Otentisitas Barongsai tidak terletak pada kemewahan kostum semata, melainkan pada pemahaman mendalam tentang *Qing* (cara singa makan), ritme musik yang tepat (Gong, Gendang, Simbal), dan terutama, penguasaan gaya tarian yang diwariskan secara turun-temurun, seperti gaya Selatan (Nan Shi) dan gaya Utara (Bei Shi). Perbedaan kedua gaya ini sangat signifikan dan memengaruhi seluruh interpretasi karakter singa.
Di Indonesia, Barongsai umumnya merujuk pada Nan Shi (Gaya Selatan), yang berasal dari provinsi Guangdong. Karakteristik utamanya adalah kepala singa yang besar dengan mata yang dapat berkedip, tanduk di dahi (seperti naga), dan cermin di kepala untuk memantulkan energi jahat. Tarian ini lebih menekankan pada drama, ekspresi emosional singa (mulai dari rasa ingin tahu, takut, gembira, hingga marah), serta gerakan dasar Kung Fu Hung Gar atau Choi Lee Fut.

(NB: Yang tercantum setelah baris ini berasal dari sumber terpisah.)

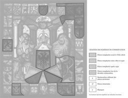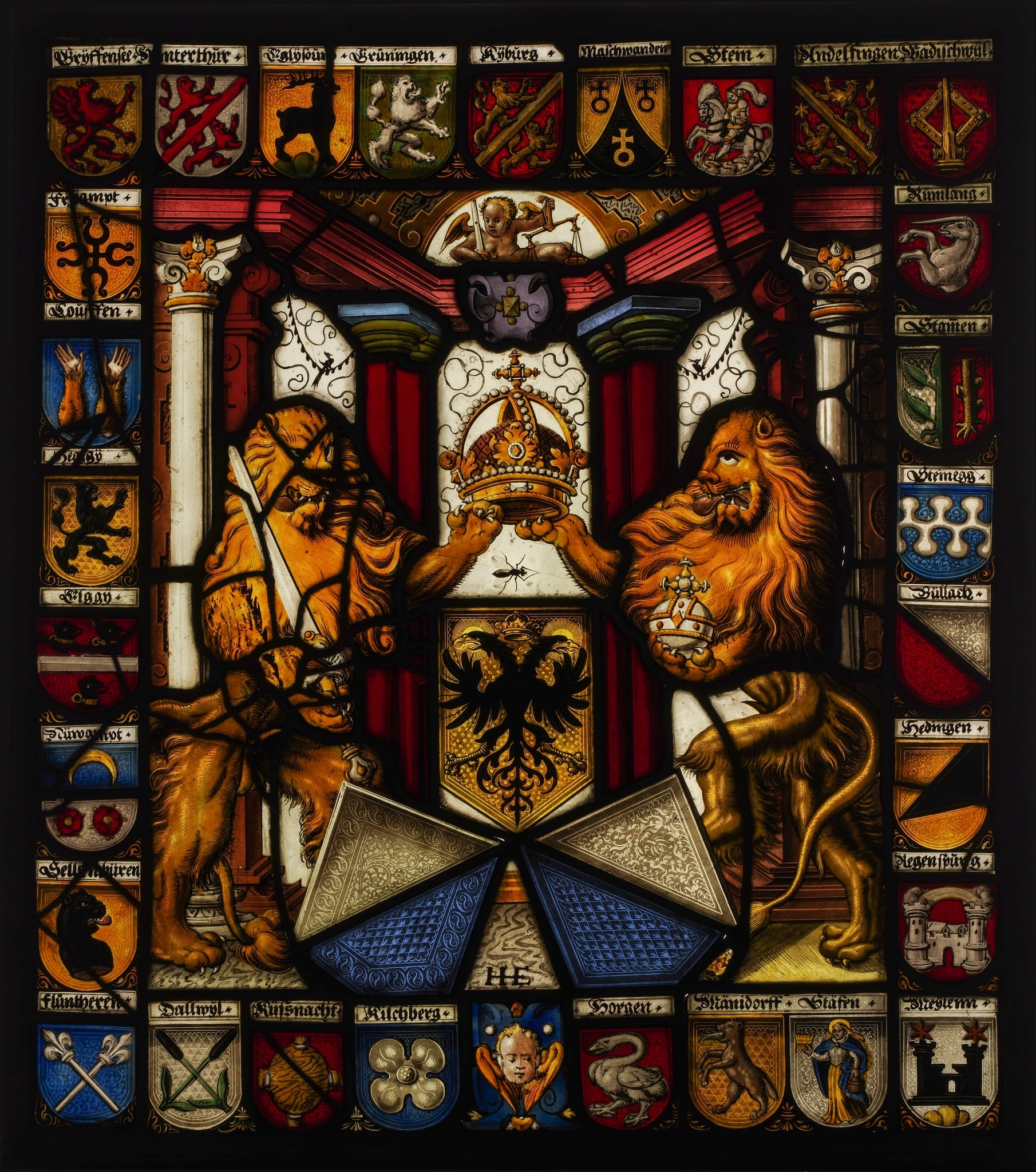 Vitrail rectangulaire représentant au centre, devant un portique composé de colonnes soutenant une architrave sur laquelle repose un angelot tenant un glaive et une balance, trois écus aux armes de Zurich et du Saint-Empire présentés en pyramide, surmontés d’une couronne et flanqués de deux lions héraldiques en pied, dont celui de gauche porte un glaive et celui de droite un orbe crucifère. Une mouche en trompe-l’oeil est peinte sous la couronne. Autour de la composition centrale, vingt-neuf écussons aux armes de communes zurichoises, sont répartis dans l’ordre suivant : Greifensee, Winterthur, Eglisau, Grüningen, Kyburg, Maschwanden, Stein, Andelfingen, Wädenswil, Rümlang, Stammheim, Steinegg, Bülach, Hedingen, Regensberg, Meilen, Stäfa, Männedorf, Horgen, Kilchberg, Küsnacht, Thalwil, Fluntern, Sellenbüren, Neumatt, Elgg, Laufen, Freiamt.

Sebaliknya, Bei Shi (Gaya Utara), yang lebih umum di Tiongkok Utara, menampilkan singa dengan penampilan yang lebih mirip anjing atau Pekingese. Kostumnya lebih berbulu dan tarian ini jauh lebih akrobatik. Bei Shi sering melibatkan dua singa (sepasang jantan dan betina) atau bahkan anak singa yang dipimpin oleh seorang badut. Jika Nan Shi adalah teater, maka Bei Shi adalah sirkus. Barongsai yang beneran harus mampu membedakan dan menghormati tradisi masing-masing gaya ini, bahkan jika hanya salah satunya yang dipraktikkan.

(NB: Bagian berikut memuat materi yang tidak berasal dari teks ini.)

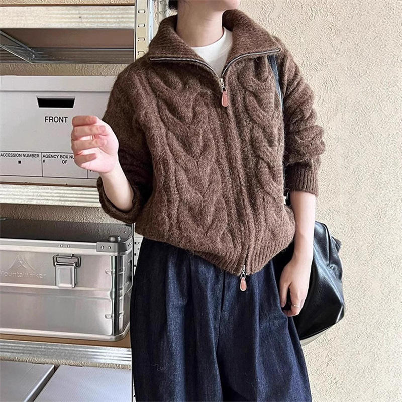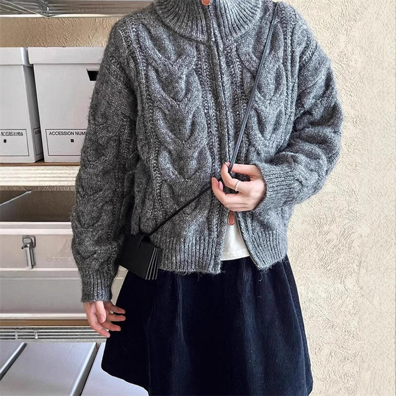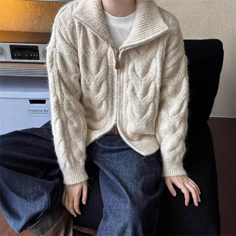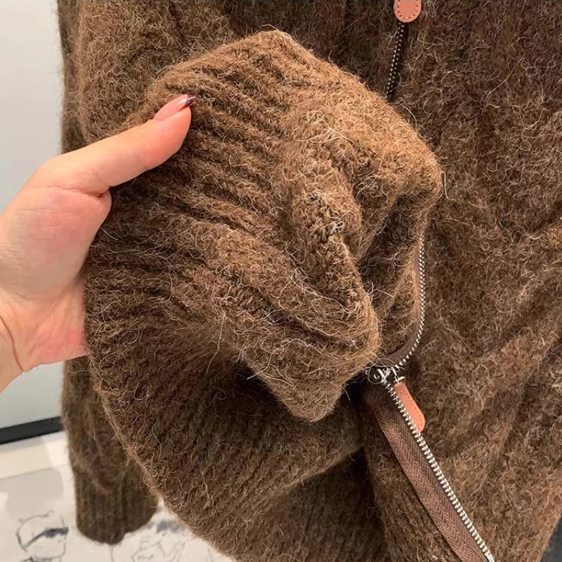 Dames wintervest in los gebreid ontwerp met kabelpatroon. Voorzien van een hoge kraag die open of omhoog gedragen kan worden. Het vest sluit met een tweeweg rits en heeft geribde boorden bij kraag, manchetten en onderkant.
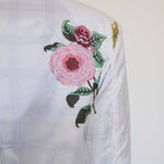Pure silk lining featuring botanic plant block print throughout. Reversible design.
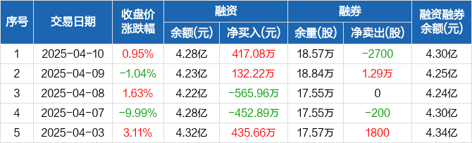 融资方面,当日融资买入2075.32万元,融资偿还1658.24万元,融资净买入417.08万元。融券方面,融券卖出500股,融券偿还3200股,融券余量18.57万股,融券余额197.03万元。融资融券余额合计4.3亿元。
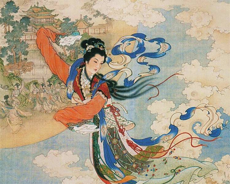 The all-pervading demigoddess who grins provocatively as we glory in her silver glow. Chang E (pronounced Chong Eeh), so the ancient Chinese legend goes, escapes her famous hunter of a husband on earth to fly to the moon—hovering in immortality—with a little help of an illicit magic potion. Her story has been interpreted and scrutinized through millennia: She has been seen as a symbol of feminine selfishness, disloyalty, and cunning on the one hand, and, on the other, as the female archetype who desires eternal beauty, fertility, and longevity, and as the muse of poetic inspiration.
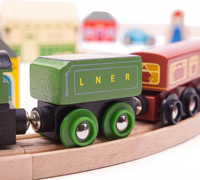 A Flying Scotsman a kora egyik leghíresebb vonata, és ezzel a fa vonatpályával a gyerekek újra átélhetik híres utazásait. A készlet gyönyörűen kidolgozott vonatot tartalmaz, amely nosztalgikus utazásra visz viaduktokon és természeti tájakon át. A pályát retro állomások, házak és autók szegélyezik.

Barongsai bukanlah tarian modern; akarnya tertanam kuat dalam sejarah Tiongkok kuno, bahkan jauh sebelum singa fisik dikenal di wilayah tersebut. Singa yang dihormati adalah makhluk mitologis, simbol kekuatan yang diimpor melalui jalur perdagangan sutra dari Persia dan India, lalu diserap ke dalam seni dan budaya Tiongkok, terutama sebagai penjaga kuil dan istana kekaisaran. Bukti tertua tarian ini dapat ditelusuri kembali ke Dinasti Han (206 SM–220 M), namun Barongsai yang kita kenal sekarang baru benar-benar terbentuk selama era Dinasti Tang (618–907 M).

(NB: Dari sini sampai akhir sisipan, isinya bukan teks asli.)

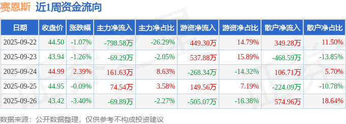资金流向数据方面,本周赛恩斯主力资金合计净流出701.6万元,游资资金合计净流入363.33万元,散户资金合计净流入338.27万元。本周资金流向一览见下表:
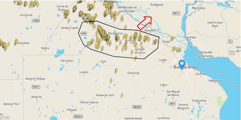 Estas tormentas se están debilitando sobre la PBA, aumentando su intensidad en provincias vecinas.
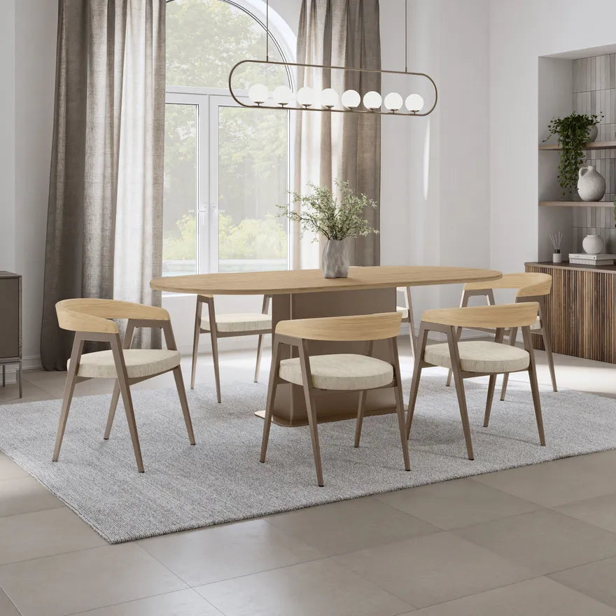 The Carmela Dining Chair captures the essence of modern Scandinavian design with a graceful balance of elegance and comfort. Its curved solid ash backrest flows seamlessly into armrests, while a plush upholstered seat invites you to relax in style. Sleek, fully welded steel legs add refinement and strength, creating a chair that’s as durable as it is timeless.

Salah satu narasi paling fundamental yang menjelaskan tujuan Barongsai adalah legenda monster Nian. Nian adalah makhluk buas yang muncul setiap pergantian tahun baru untuk memangsa ternak dan manusia. Rakyat menemukan bahwa Nian takut pada suara keras, warna merah, dan tampilan makhluk buas yang lebih menakutkan darinya. Dari kebutuhan untuk menakuti Nian inilah lahirlah tradisi tarian singa dengan drum yang menggelegar dan kostum merah menyala.
Dengan demikian, fungsi utama Barongsai yang beneran adalah ritualistik: membersihkan lingkungan (rumah, toko, desa) dari roh jahat atau energi stagnan (Qi buruk) yang terakumulasi selama setahun. Ketika singa memasuki suatu tempat, ia tidak hanya menari untuk hiburan; ia sedang melakukan pembersihan spiritual. Gerakan energik, kibasan kepala yang kuat, dan irama musik yang keras adalah “senjata” spiritualnya.
Kedatangan Barongsai di Nusantara dibawa oleh imigran Tiongkok selama berabad-abad, dan tarian ini beradaptasi menjadi bagian integral dari budaya Tionghoa-Indonesia, terutama dalam perayaan Imlek dan Cap Go Meh. Namun, sejarahnya di Indonesia mengalami masa sulit, terutama selama rezim Orde Baru, ketika Barongsai dilarang tampil di ruang publik sebagai bagian dari upaya asimilasi kebudayaan Tionghoa.
Masa pelarangan ini memaksa Barongsai disembunyikan dan dipraktikkan secara diam-diam di kuil-kuil atau komunitas tertutup. Periode ini justru memperkuat nilai otentik Barongsai sebagai identitas budaya yang kuat, bukan sekadar pertunjukan musiman. Ketika larangan dicabut pada era Reformasi, Barongsai meledak kembali ke ruang publik dengan semangat yang lebih besar, membawa serta teknik-teknik yang telah dipertahankan dan diasah oleh generasi master secara tersembunyi.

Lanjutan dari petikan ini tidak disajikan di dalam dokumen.